In the present study, we evaluated the SNP heritability and genetic correlations of cognitive abilities and brain structural measures in middle-aged to older adults from South Korea. We found that memory function, caudate volume, and cortical thickness of the entorhinal cortices, pars opercularis, superior frontal gyri, and transverse temporal gyri are heritable. We observed 3 significant genetic correlations between (i) the caudate volume and the thickness of the entorhinal cortices; (ii) the thickness of the superior frontal gyri and pars opercularis; and (iii) the thickness of the superior frontal and transverse temporal gyri. This result confirmed previous findings regarding the heritability of cognitive abilities and regional brain structures, supporting the notion that genetic factors play a great role in cognitive and neuroanatomical traits in middle to advanced age. Furthermore, by demonstrating shared genetic effects on different brain regions, it gives us a genetic insight into understanding cognitive and brain changes with age such as aging-related cognitive decline, cortical atrophy, and neural compensation.

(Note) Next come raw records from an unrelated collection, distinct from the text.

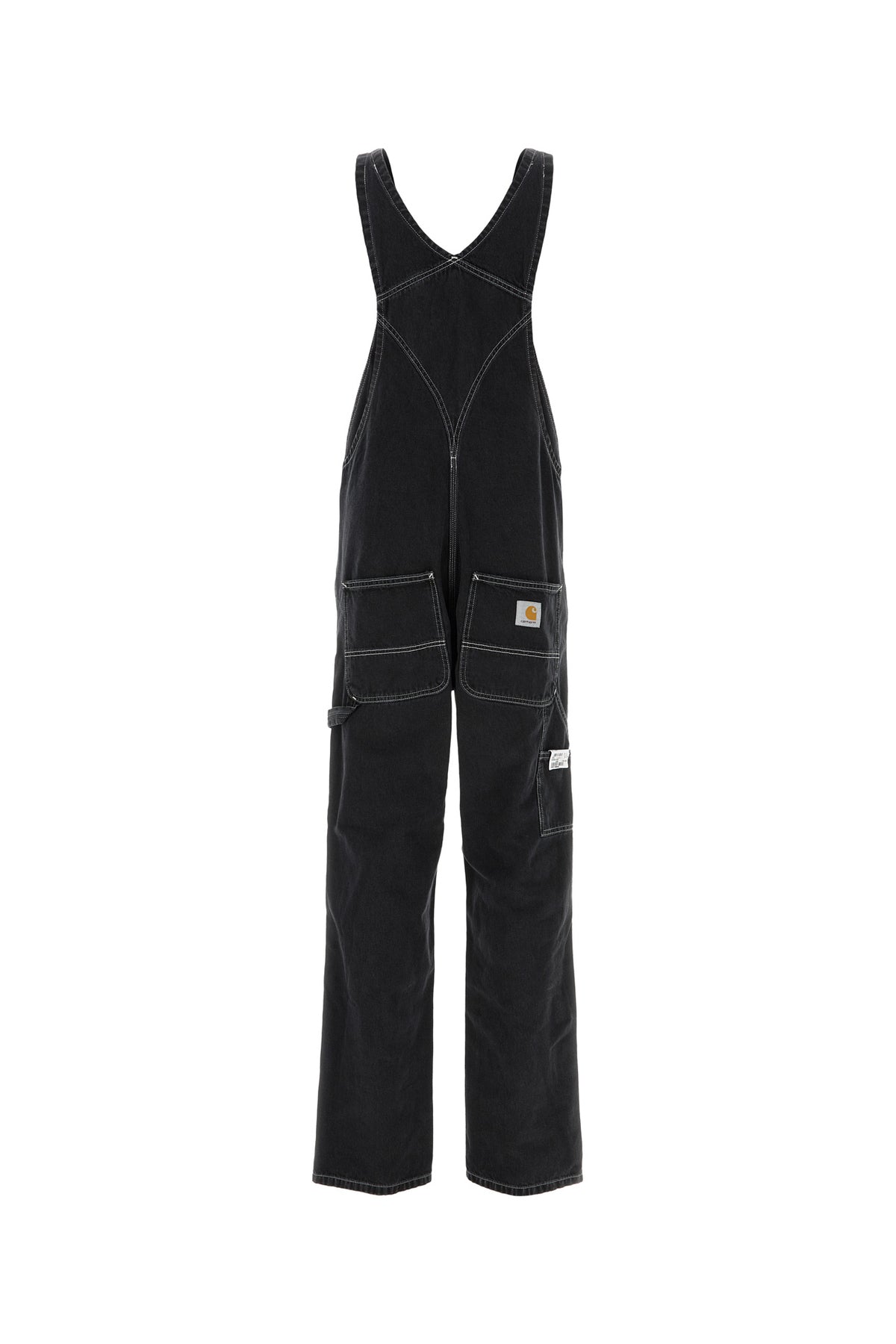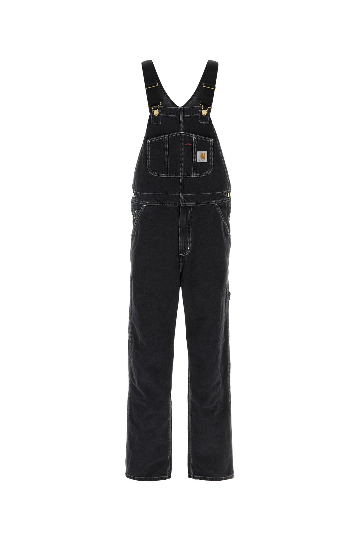 Dungarees realized in pure cotton denim enriched by contrasting logoed label on the chest and at the back.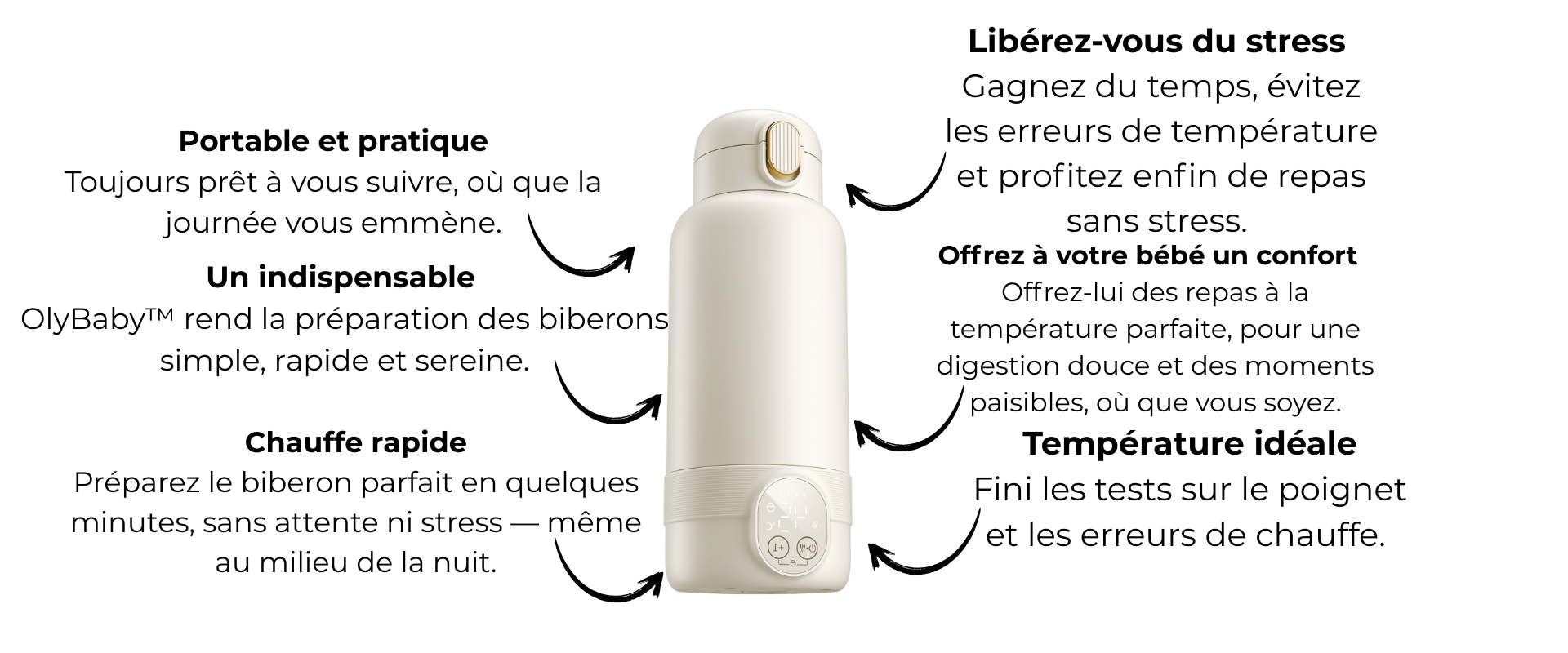 OlyBaby™ est équipé d’un écran LED intuitif qui vous permet de choisir et de contrôler précisément la température souhaitée. Une fois atteinte, il maintient le lait à la température idéale sans risque de surchauffe.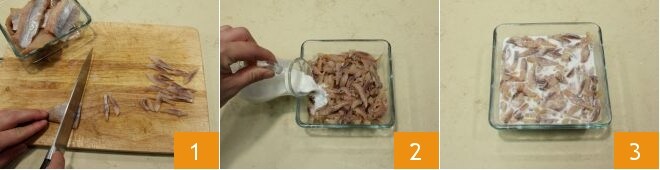 Um den Räucherheringsalat vorzubereiten, müssen Sie die Heringe im Voraus vorbereiten: wenn Sie ungesäuberte frische Heringe verwenden, schneiden Sie den Kopf, den Schwanz und den Bauch ab. Öffnen Sie den Hering, um ihn auszunehmen, entfernen Sie mit der Zange die Gräten; teilen Sie die Filets in Streifen 1 und legen Sie sie in eine Schüssel. Gießen Sie die Milch 2 darüber und lassen Sie die Heringsfilets mehrere Stunden einweichen, besser über Nacht 3.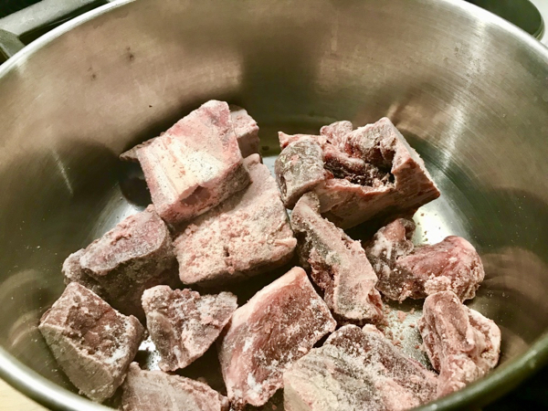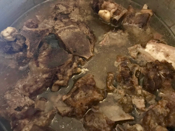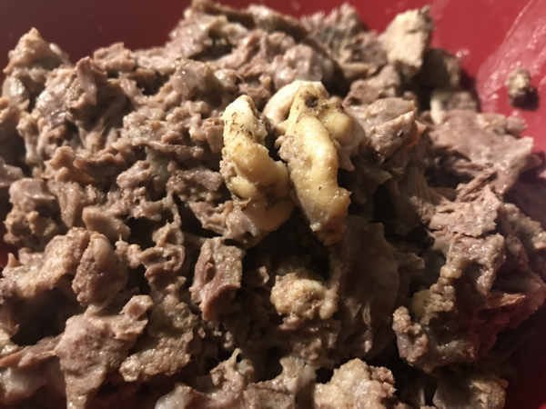 Annoin hieman jäähtyä ja riivin käsin luista lihat erikseen. Palautin luut kattilaan ja jatkoin vielä keittämistä.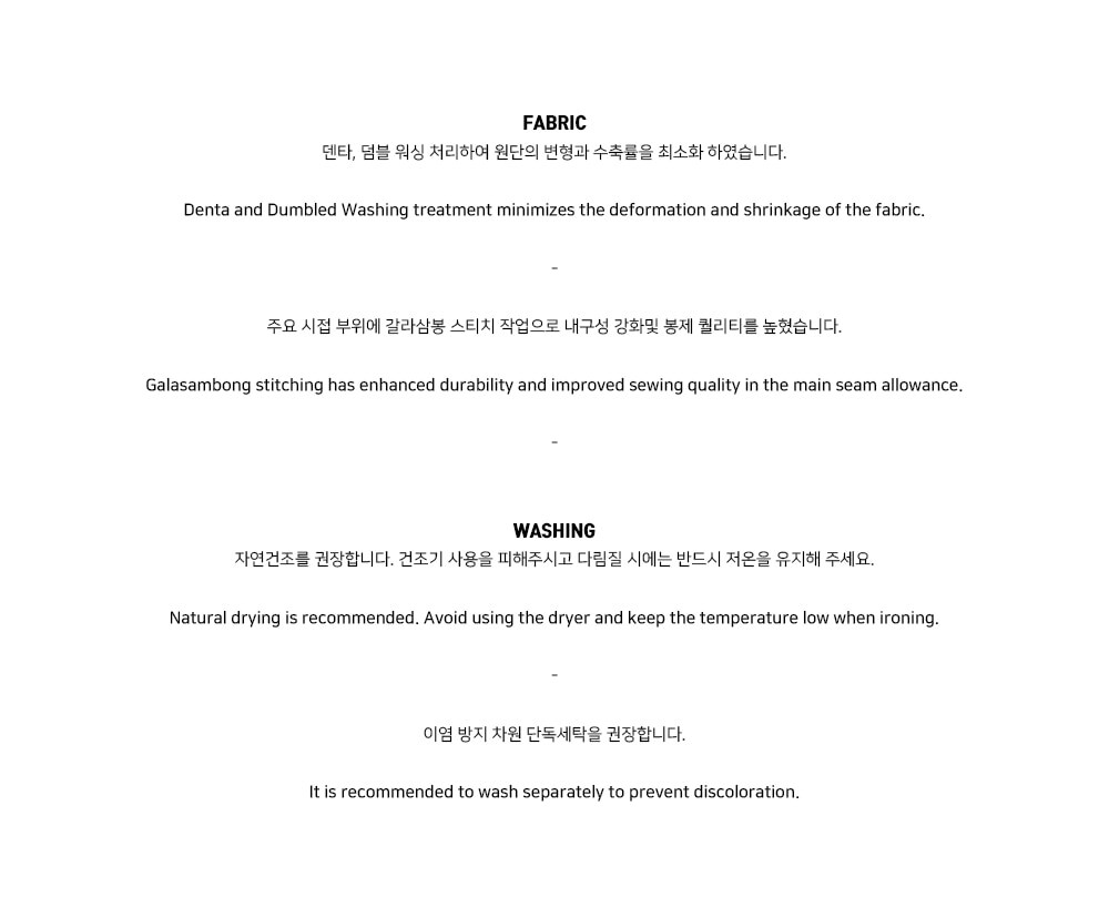 * 덴타, 덤블 워싱 처리하여 원단의 변형과 수축률을 최소화 하였습니다.

In our heritability analysis, memory function was found to be moderately heritable (46%) among various cognitive functions. This result is in agreement with prior research findings showing that memory function exhibits moderate-to-high heritability (twin-based heritability: 30%–62%) until old age (Johansson et al. 1999;Wilson et al. 2011; Reynolds and Finkel 2015) and that the heritability of memory function increases with age, whereas other cognitive traits, such as attention, language, and visuospatial function, show a declining pattern of heritability with age (Wilson et al. 2011; Reynolds and Finkel 2015). In previous genome-wide association studies (GWAS), several variants of genes such as APOE, BDNF, WWC1, NECTIN2, TOMM40, and H2ACP1 were found to be associated with memory function and modulation of age-related cognitive decline (Kauppi et al. 2011; Persson et al. 2013; Lamb et al. 2015; Li et al. 2017). Among them, genes, including NECTIN2, TOMM40, and H2ACP1, are located on chromosome 13 or 19 (Arpawong et al. 2017; de la Fuente et al. 2021) where significant chromosome-specific heritability of memory function was found in our study, and the effects of several genes, such as APOE, BDNF, and WWC1, on memory function have been reported to increase with age (Li et al. 2010; Kauppi et al. 2011; Persson et al. 2013; Papenberg et al. 2015). Our result confirms the previous finding that memory function is substantially influenced by multiple genes. This may indicate that the high level of heritability of memory function in middle-aged to older adults may result from the expression of multiple genes affecting memory function or magnifying effects of memory-related genes as age increases.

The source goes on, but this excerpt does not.